And while I certainly understand your frustration, some brands are better than others in respect to keeping Replacement Parts. I would also guess there is a Repair Shop out there that specializes in Yamaha Repairs.
Good Luck,
JJ


----------



## rljsho (Jan 1, 2012)

I agree with you, that there must be a technician somewhere that has spent the time to throughly track down a cause for this anomaly. The local technicians I have spoken to, say the same thing: the unit is no longer manufactured and that Yamaha has no parts to fix the problem. I have Googled this problem, and found several owners that had the same problem, with an added problem with the volume being affected when the selector went on its random search. They received the same answer from Yamaha that I received. That is the reason I made this thread. Hopefully some of our members have had the problem and what they did to correct it, if there is a fix.


----------



## rljsho (Jan 1, 2012)

Since Yamaha evidently showed no interest in assisting past consumers of their out of production equipment, I entered a thread on another audio forum, seeking anyone who may have had the same experience with their unit.
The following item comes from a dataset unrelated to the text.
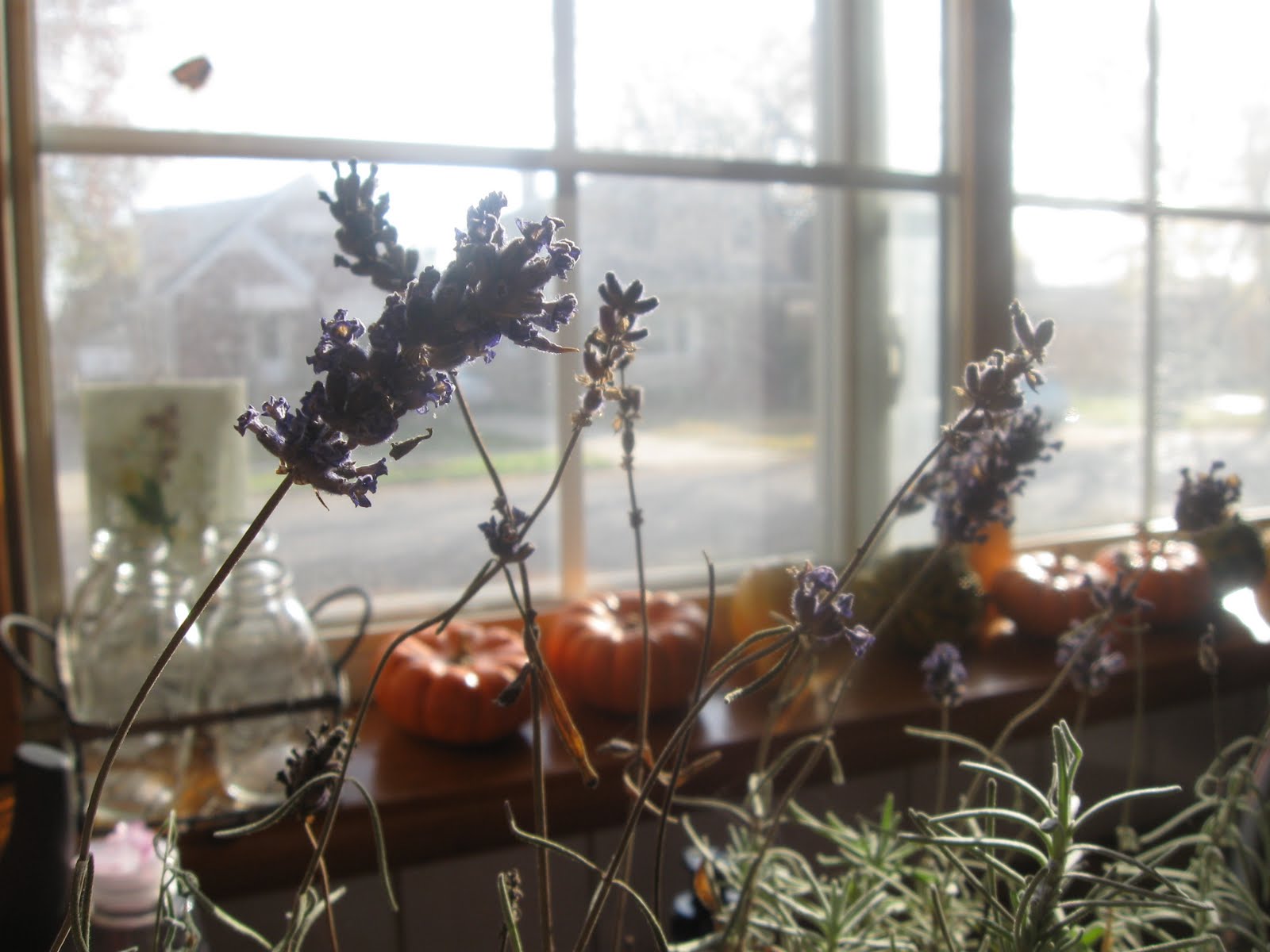 This is the lavender plant that I decided not to put in the ground this fall for fear it wouldn't root well enough before the ground froze. It's doing okay in my garden window. I water it every two weeks, as I read that they like dry soil. I have gotten advice that it will live okay in my house until spring and then I got another piece of advice to let it go dormant in a dark cool place. I suppose I would have to water it, too. Any thoughts on this? I get really emotional over this sort of thing.

One reply had some good actions to take, that I had not thought to do. Specifically to use De-Oxit to clean the contacts of the remote keys and also clean any contacts of the internal switches of the input selector mechanism. After I finish replacing the drive belts for my B & O 4002 turntable and replacing the burnt out lights on my Marantz 4240, I will apply the afore mentioned ideas to the DSP-A3090.


----------



## Jungle Jack (Jul 28, 2009)

Hello,
I am really surprised to read that Yamaha is acting in this way as they enjoy a stellar reputation. Good luck on the Contact Cleaning.
J


----------